Es cierto que la doctrina de esta Sala hace especial hincapié en la necesidad de que la depresión sea 'mayor' o se añadan trastornos psicóticos de la personalidad. Pero tal gravedad se demanda, en relación con el reconocimiento de la incapacidad permanente absoluta, no total, de forma que este grado puede reconocerse cuando las limitaciones surgidas de la dolencia psíquica se proyectan en relación con profesiones exigentes de tensión o relación interpersonal, lo que no es el caso, pues, la situación psicopatológica detallada y la sintomatología que conlleva (bajo estado de ánimo, angustia, sin crisis de ansiedad, y pensamientos obsesivos) no tiene relevancia como para impedir el ejercicio de su profesión habitual, ya que se trata de desempeñar un oficio en el que no es preciso disponer de esa capacidad de iniciativa de la que normalmente carece la persona depresiva, y, además, no consta que el trastorno sea de gran intensidad pues se halla controlada con psicofármacos a bajas dosis y, al tiempo de la evaluación, se constató que la paciente era una persona de aspecto correcto, bronceada y vestida con estética bien elaborada; que se encontraba consciente, orientada en las tres esferas, colaboradora; anímicamente estable sin rasgos de ansiedad, con un discurso coherente, espontáneo y fluido, sin alteraciones en el curso o contenido del pensamiento, ni alteraciones sensoperceptivas; apetito y sueños conservados. En suma se trataba de una persona eutímica, bien compensada y sin secundarismos, con memoria, atención y concentración sin alteraciones, no documentándose ingresos en centros clínico-hospitalarios.

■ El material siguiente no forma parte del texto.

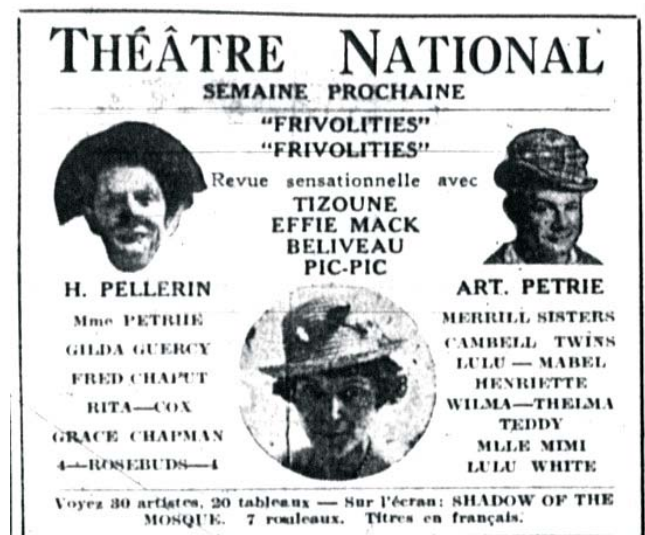
La Presse (6 septembre 1930): 73 (BANQ)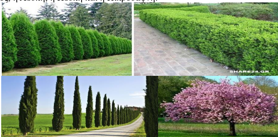
Εικόνα 10 (Πάνω) Πιττόσπορο για καθιστικούς χώρους.

Για να επιτευχθεί σκίαση το καλοκαίρι και ηλιασμός το χειμώνα, θα πρέπει η επιλογή των φυτών που θα διαλεχθούν να γίνει από εγνωσμένου κύρους και καταρτισμένους γεωπόνους με σκοπό τη βέλτιστη τοποθέτηση και διαμόρφωση του περιβάλλοντα χώρου. Τα φυτικά είδη που θα επιλεγούν θα πρέπει να είναι ανθεκτικά στις κλιματολογικές συνθήκες και να έχουν γρήγορη ανάπτυξη. Ενδεχομένως, στους καθιστικούς χώρους να χρησιμοποιηθούν φυλλοβόλα δέντρα και θάμνοι όπως Χαρουπιά, Δαφνοκέρασος, Μαόνια, Πιττόσπορο (Αγγελική) και Κουτσουπιά (Κότσικας). Από την άλλη μεριά, περιμετρικά του χώρου θα ευδοκίμουσαν ως ηχομονωτικά ή ανεμοθραύστες το Λιγούστρο, η Δάφνη, το Βιβούρνο, το Κυπαρίσσι και η Τούγια. Όσο για αρωματικά, καλλωπιστικά φυτά που συνάμα είναι ανθεκτικά στην ατμοσφαιρική ρύπανση είναι η Μανόλια, το Δεντρολίβανο, ο Χειμωνανθός, η Λεύκη, η Πεύκη και η Πικροδάφνη.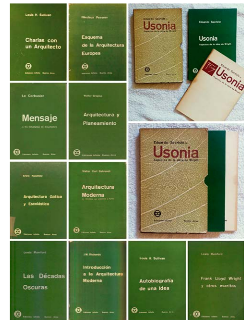
Figura 3. La Biblioteca de Arquitectura. Elaboración propia a partir de los libros revisados en la Biblioteca de la Editorial Infinito, en la Biblioteca Nacional y en la Biblioteca FAU UNLP.

La operación de marcado en este caso es evidente: Infinito reunió obras de diversas procedencias en una biblioteca con el mismo diseño de cubierta verde y con el mismo formato de 15 por 23 centímetros, lo que implica una imposición simbólica externa al texto en sí (Fig. 3). Los libros, al igual que en la colección ya comentada, fueron accesibles: todos valían, según el catálogo de 1961, entre 130 y 330 pesos, a excepción del de Pevsner que era mucho más largo (350 páginas) (550 pesos), y el de Sacriste (420 pesos), que contó con dos partes: el libro propiamente dicho y un sobre con la documentación de las obras a modo de apoyo gráfico, ambos dentro de una caja. La Biblioteca de Planeamiento y Vivienda fue creada por Jorge Enrique Hardoy y contaba con seis títulos hacia el final del recorte temporal que aquí trabajamos: La ciudad es su población de Henry Churchill (1958), La metrópoli en la vida moderna en cuatro tomos de Richard Neutra, Donald Young, Joseph Folliet y otros (1958), Planeamiento urbano de Thomas Sharp (1959), Cómo concebir el urbanismo de Le Corbusier (1959), Ciudades en evolución de Patrick Geddes (1960) y La ciudad del futuro de Le Corbusier (1962) (Catálogo Ediciones Infinito, 1966). La biblioteca es un reflejo del debate que estaba atravesando la disciplina urbanística a mediados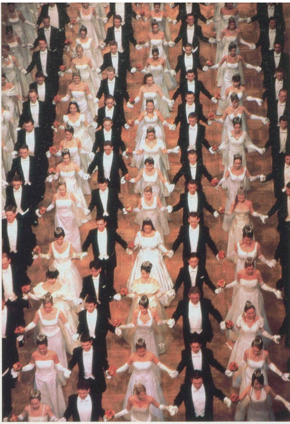
ANTO / Lammerhuber

Capitale d'un empire qui n'existe plus, Vienne en a conservé les fastes et le goût des fêtes. A découvrir entre musique et modernité.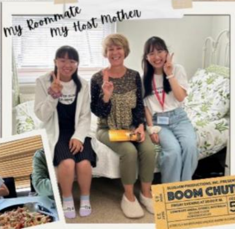
My Roommate My Host Mother

En relación a la dolencia psíquica, el trastorno ansioso depresivo o distimia, resulta incompatible con el desempeño de aquellas profesiones laborales que exijan especial concentración y disponibilidad física, con pleno equilibrio psíquico o gran tensión emocional, pero no en otras como la aquí considerada en la que no presenta tan singulares rasgos ni precisa aquel tipo de requerimientos.
Tercero.- Con mayor razón, si cabe, ha de rechazarse la primera de las pretensiones formuladas en la demanda, pues resulta evidente que los padecimientos descritos carecen de la intensidad y de la trascendencia necesarias, y no limitan las facultades de la demandante para consumar con cierta eficacia los componentes de una de las variadas ocupaciones que ofrece el ámbito laboral, pues no consta que sufra otras limitaciones en el aparato locomotor, y la distimia, como se ha dicho, no se traduce en alteraciones motoras trascendentes; lo que nos lleva a concluir que, no ha sido infringido sino correctamente aplicado en la sentencia recurrida, el precepto legal citado.

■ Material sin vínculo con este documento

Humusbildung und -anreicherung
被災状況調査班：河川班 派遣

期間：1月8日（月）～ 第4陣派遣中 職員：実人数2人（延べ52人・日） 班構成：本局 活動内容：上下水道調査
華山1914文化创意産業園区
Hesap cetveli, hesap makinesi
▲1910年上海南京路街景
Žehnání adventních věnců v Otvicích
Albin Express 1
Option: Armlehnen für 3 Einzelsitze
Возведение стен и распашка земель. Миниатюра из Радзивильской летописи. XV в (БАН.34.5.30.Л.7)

VISTOS los anteriores preceptos y los demás de general aplicación,
Fallo
Que desestimamos el recurso de suplicación interpuesto por la dirección letrada de Dª. Ángela contra la sentencia de fecha 23 de enero de 2019 dictada por el Juzgado de lo Social núm. 5 de Oviedo en los autos núm. 622/2018, seguidos a su instancia contra el Instituto Nacional de la Seguridad Social, en reclamación sobre prestaciones de incapacidad permanente y, en consecuencia, confirmamos la misma en todos sus pronunciamientos.Medios de impugnación Se advierte a las partes que contra esta sentencia cabe interponer recurso de casación para la unificación de doctrina, que habrá de prepararse mediante escrito suscrito por letrado, presentándolo en esta Sala de lo Social dentro del improrrogable plazo de los diez días hábiles siguientes a la fecha de notificación de la misma en los términos de los artículos 221, 230.3 de la LRJS, y con los apercibimientos contenidos en esto y en los artículos 230.4, 5 y 6 de la misma Ley.
Pásense las actuaciones al Sr. Letrado de la Administración de Justicia para cumplir los deberes de publicidad, notificación y registro de la Sentencia.
Así, por esta nuestra Sentencia, definitivamente juzgando, lo pronunciamos, mandamos y firmamos.